By AccountingWEB Staff
The IRS has eliminated an unpopular rule relating to how credit card and debit card payments are accounted for on tax returns, prompting relief from small business owners.
The new process, which was set to go into effect next year, would have mandated that companies explain the differences between numbers on 1099-K forms and their internal records. This rule was termed an "onerous and unnecessary extra step" by the National Federation of Independent Business (NFIB).
The NFIB explained the situation this way: "Section 6050W of the Internal Revenue Code, added by Section 3091 of the Housing and Economic Recovery Act of 2008, requires information returns (Form 1099-K) to be made regarding annual gross receipts reimbursements to settle merchant card transactions. Recently, the IRS added a Line 1a-e on business tax returns requiring business taxpayers to reconcile their actual gross receipts with the aggregate gross receipts amounts from Form 1099-K."

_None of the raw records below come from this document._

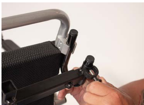
Figure 7: Poser les clip en plastique

Serrez la fixation de l'appuie-tête des deux côtés du fauteuil roulant à l'aide des deux vis de blocage (voir figure 8).
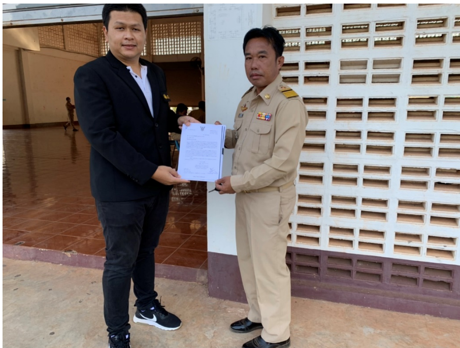
ภาพประกอบ 6 การสัมภาษณ์เพื่อหาแนวทางการพัฒนาการจัดบริการสวัสดิการสังคม ตามแผนพัฒนาท้องถิ่นขององค์การบริหารส่วนตำบลในอำเภอรามัญ จังหวัดสกลนคร
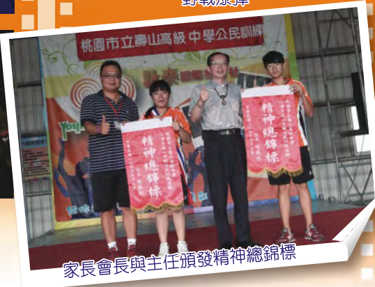
家長會長與主任頒發精神總錦標
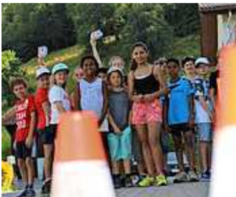
Verkehrserziehung in der Volksschule

„Hallo Auto!“ Die Drittklässler der Volksschule Koblach haben am Vormittag des 25. Juni mit ÖAMTC-Instruktorin Žana den Anhalteweg selbst „erlaufen“ und „erbrems.“
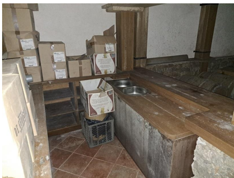
Sl. 16 Komplet oprema-kušaona vina, šank, unutarnji dio
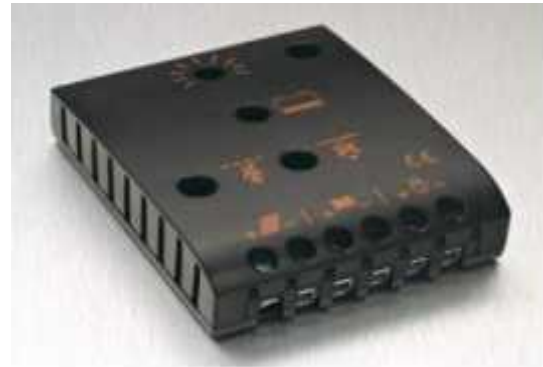
Gambar 4. Konstruksi regulator Baterai

Gambar 4 adalah konstruksi dari regulator baterai. Regulator baterai adalah alat yang mengatur pengisian arus listrik dari modul surya ke baterai/aki dan sebaliknya. Saat isi baterai tersisa 20% sampai 30%, maka regulator akan memutuskan dengan beban. Regulator baterai juga mengatur kelebihan mengisi baterai dan kelebihan tegangan dari modul surya. Manfaat dari alat ini juga untuk menghindari fulldischarge dan overloading serta memonitor suhu baterai. Kelebihan tegangan dan pengisian dapat mengurangi umur baterai. Regulator baterai dilengkapi dengan diode protection yang menghindarkan arus DC dari baterai agar tidak masuk ke panel surya lagi.

The IRS announced it would not go forward with Line1a-e on business tax returns. The NFIB had protested the rule, saying that a company's internal record of gross receipts would "rarely match" the amount payments processors report on 1099-K forms. That figure on the forms could include cash refunds, sales tax, tips, and other fees that merchants would not consider part of gross receipts, CFO magazine reported.
The IRS said in its letter to the NFIB, "There will be no reconciliation required on the 2012 form, nor do we intend to require reconciliation in future years." The reporting of gross receipts and sales on the 2012 income tax forms will be modeled on the 2010 income tax forms.
"The many complications in our country's tax code often put the small business owner at a disadvantage with government compliance," NFIB CEO Dan Danner said in a statement. "For this reason, NFIB fought so hard to have this provision eliminated and we count this as a small, but important, step in the direction of simplifying the tax code overall." Small businesses spend more than $74 per hour on meeting their tax compliance obligations, the NFIB says.
Lewis Taub, tax director at McGladrey & Pullen LLP, told CFO magazine that business groups might want to change their record keeping. Payment processes must continue to submit 1099-K forms, and a difference between the numbers on the forms and the gross receipts on the merchant's tax returns could trigger an audit.